Arbeitsgemeinschaft der Wissenschaftlichen Medizinischen Fachgesellschaften
Medizin / Kommunikation - 14.09.2011

Viszeralmedizin 2011 - Risiko für Speiseröhrenkrebs neu bewertet

Sodbrennen ist unangenehm und kann Krebs auslösen


Leipzig - Etwa sieben Prozent der Deutschen leiden unter Sodbrennen: Vom Magen in die Speiseröhre fließender Magensaft fügt ihnen brennende Schmerzen zu. Wiederholt sich dieser sogenannte Reflux, kann sich die Speiseröhre entzünden, im schlimmsten Fall Krebs entstehen. Auf Krebs weisen bestimmte Zellen in der Schleimhaut der Speiseröhre hin. Von ihnen hängt ab, ob eine Krebstherapie notwendig wird.

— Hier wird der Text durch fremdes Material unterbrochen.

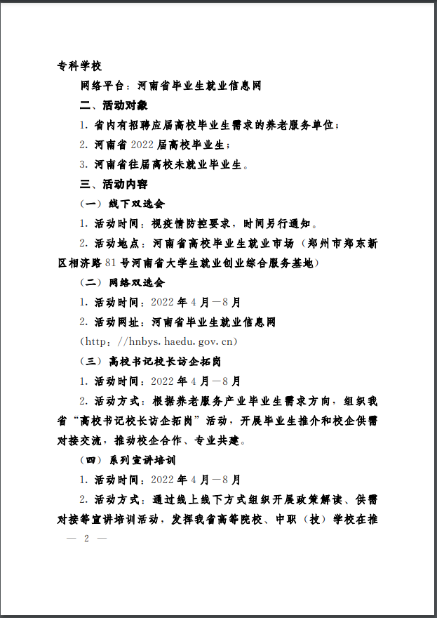 河南省民政廳 河南省教育廳 關于開展河南省2022年養老服務類畢業生供需交流活動的通知

Die aktuellen Kriterien für eine Behandlung und wie sich unnötige Therapien vermeiden lassen, diskutieren Experten der Deutschen Gesellschaft für Verdauungs- und Stoffwechselkrankheiten (DGVS) auf dem Kongress "Viszeralmedizin 2011", der vom 14. bis 17. September 2011 in Leipzig stattfindet. Darüber hinaus erläutern sie aktuelle Therapien.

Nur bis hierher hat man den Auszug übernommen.